In some embodiments, each respective genomic region in the plurality of different genomic regions corresponds to a respective gene in a plurality of genes. In some embodiments, each respective genomic region in the plurality of different genomic regions corresponds to a respective coding sequence for one or more genes.
In some embodiments, each respective genomic region in the plurality of different genomic regions corresponds to all or a portion of a gene and/or a coding sequence. In some embodiments, each respective genomic region in the plurality of different genomic regions corresponds to one or more genes and/or coding sequences.
In some embodiments, each respective genomic region in the plurality of different genomic regions is a position in a reference sequence (e.g., a locus) spanning one or more nucleotides to which an RNA transcript can be mapped.
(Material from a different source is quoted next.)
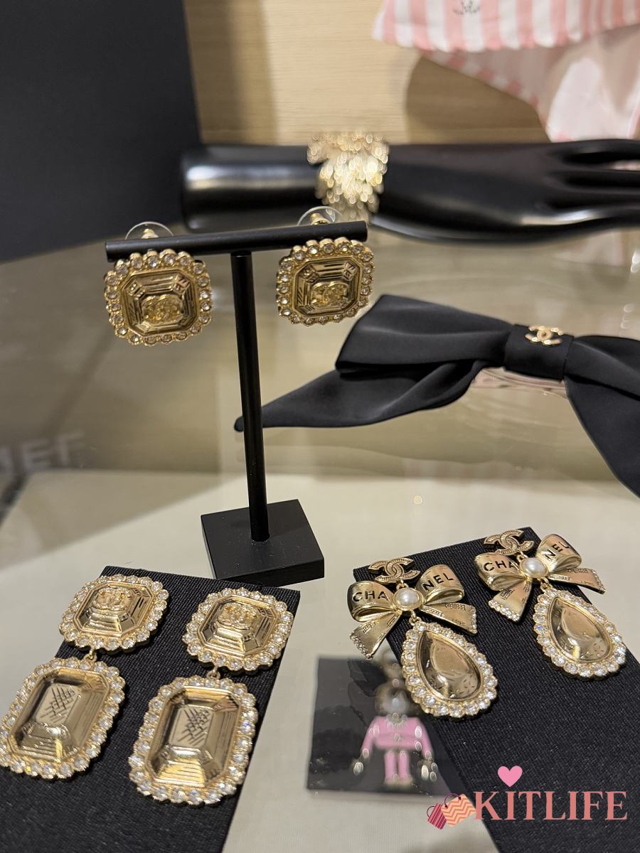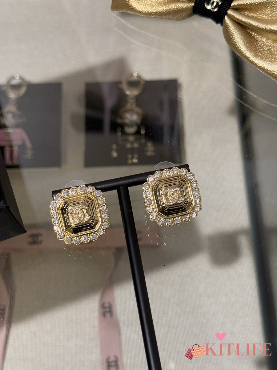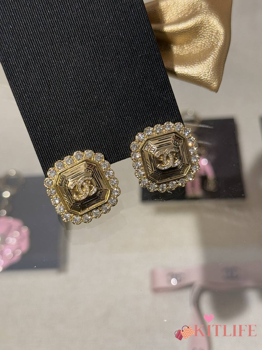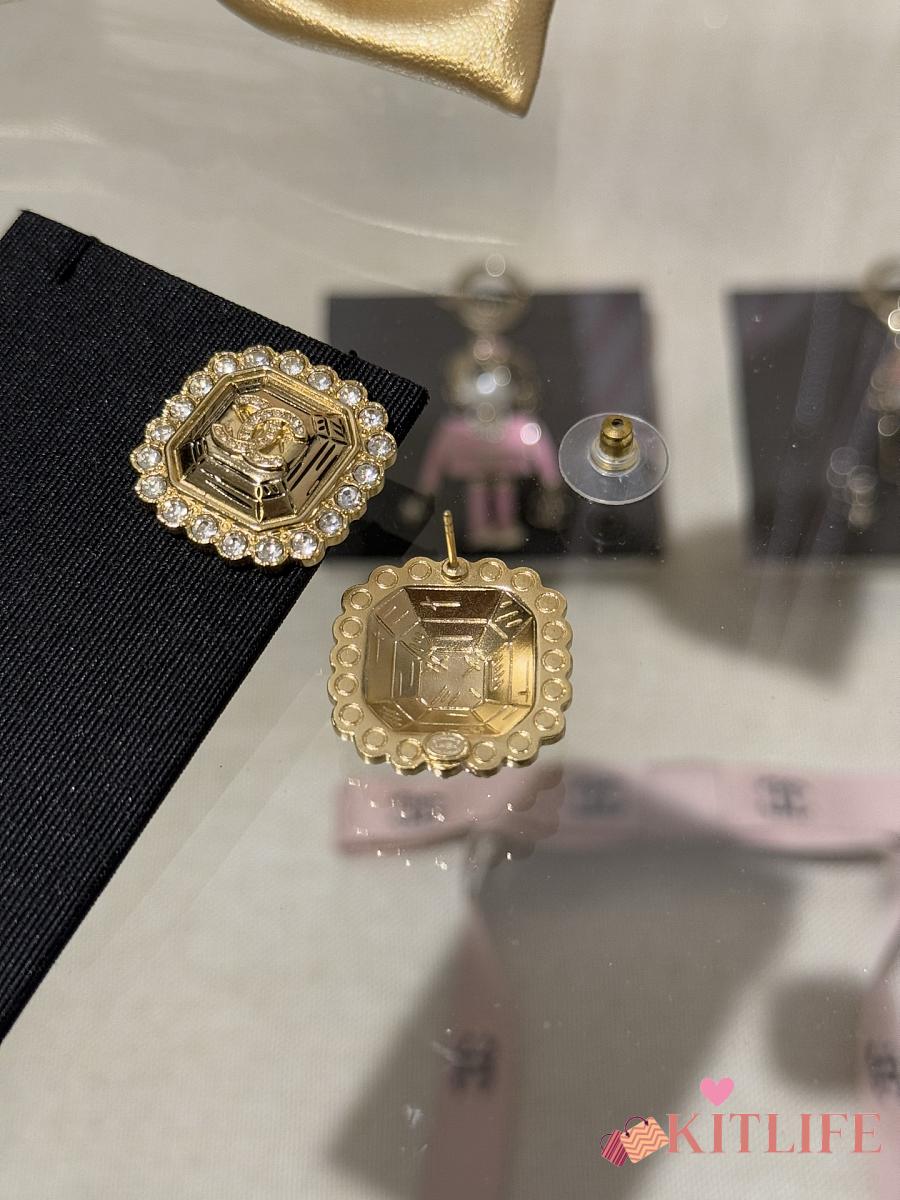 Kitlife Chanel 25k Gold Square Engraved Earrings with Double C Rhinestone Lace Trim

In some such embodiments, each respective nucleic acid in the plurality of nucleic acids comprises a nucleic acid sequence for an RNA transcript that maps to all or a portion of a respective genomic region in the plurality of different genomic regions. In some embodiments, the reference sequence is a genome for the subject. In some embodiments, the reference sequence is a mammalian genome (e.g., a human genome or a mouse genome).
In some embodiments, each respective nucleic acid in the plurality of nucleic acids represents an analyte from the sample of the subject. In some embodiments, each respective nucleic acid in the plurality of nucleic acids represents an RNA transcript.
In some embodiments, the plurality of different genomic regions comprises a plurality of different chromosomes across five or more different chromosomes. In some embodiments, the plurality of different chromosomes includes at least 3, at least 5, at least 8, at least 10, at least 15, at least 20, or at least 30 different chromosomes. In some embodiments, the plurality of different chromosomes comprises no more than 50, no more than 30, no more than 20, no more than 10, or no more than 5 different chromosomes. In some embodiments, the plurality of different chromosomes comprises from 3 to 10, from 5 to 20, from 10 to 30, or from 5 to 40 different chromosomes. In some embodiments, the plurality of different chromosomes falls within another range starting no lower than 3 different chromosomes and ending no higher than 50 different chromosomes.
In some embodiments, each respective nucleic acid in the plurality of nucleic acids represents a different genomic region in the plurality of different genomic regions. In some embodiments, each respective nucleic acid in the plurality of nucleic acids represents all or a subset of a respective genomic region in the plurality of different genomic regions. In some embodiments, each respective nucleic acid in the plurality of nucleic acids represents a set of genomic regions in the plurality of different genomic regions.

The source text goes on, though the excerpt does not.